The puppet masters of the writing world used to say your first page, or even your first paragraph was important to hooking the reader and keeping them reading. With flash fiction, we don’t have time for that. For many pieces, the first paragraph IS the story (and forget about a whole page of words!). I love what Jim Harrington, Fiction Editor for Apollo’s Lyre, has to say:
Competition is tough for the limited spaces in elite journals–online or print–and authors need to pay attention to the details of writing in order to be successful. Do you have a dream journal you’d like to be published in? Instead of reading a few full stories, read just the first paragraphs and write down everything you learn in that brief span. Now take a new look at the openings of stories you’re having difficulty placing. Do they yank the reader into the story? Or do they limp along with too much description, burdensome backstory, or a lack of focus? If so, rewrite them to give them some spark. Heck, it’s even possible that you’ve started in the wrong place. Maybe your story really begins with the second or third paragraph. Whatever you decide is the best way to start your story, keep in mind the importance of grabbing editors by the throat (or heart) and not letting go until they read The End.
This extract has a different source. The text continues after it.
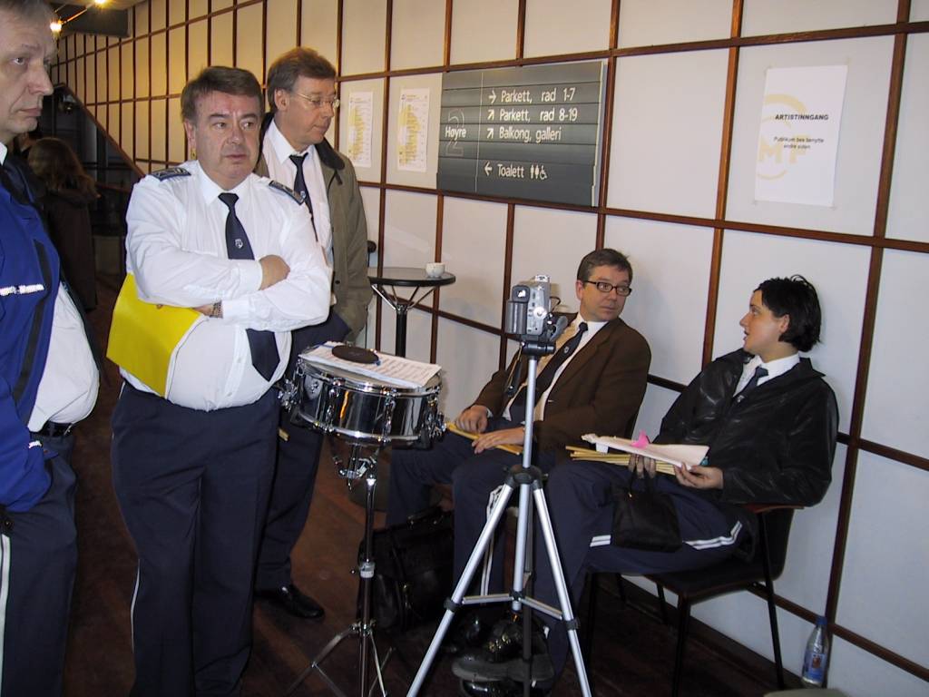 Magne, Per, Øyvind, Cato og Nicolina venter på å få slippe inn på scenen for klargjøring

This is great advice for honing the micro-fiction craft to an even finer point. (Before long, we’ll all be writing on the head of a pin!)
Happy writing, and see you next Friday Flash!
Friday Fictioneers is a group of flash fiction fans and writers who gather each week to respond in 100 words to a photo prompt. Begun by author and photographer Madison Woods, the group can now be found on FaceBook and Twitter (#FridayFictioneers), or by following the blog links at Madison’s weekly photo posting!
- Friday Flash Fiction – “Old News”
- Friday Flash Fiction – “Morning Glory”
- Friday Flash Fiction – “Missed Connections”
- Friday Flash Fiction – “My Cup Runneth Over”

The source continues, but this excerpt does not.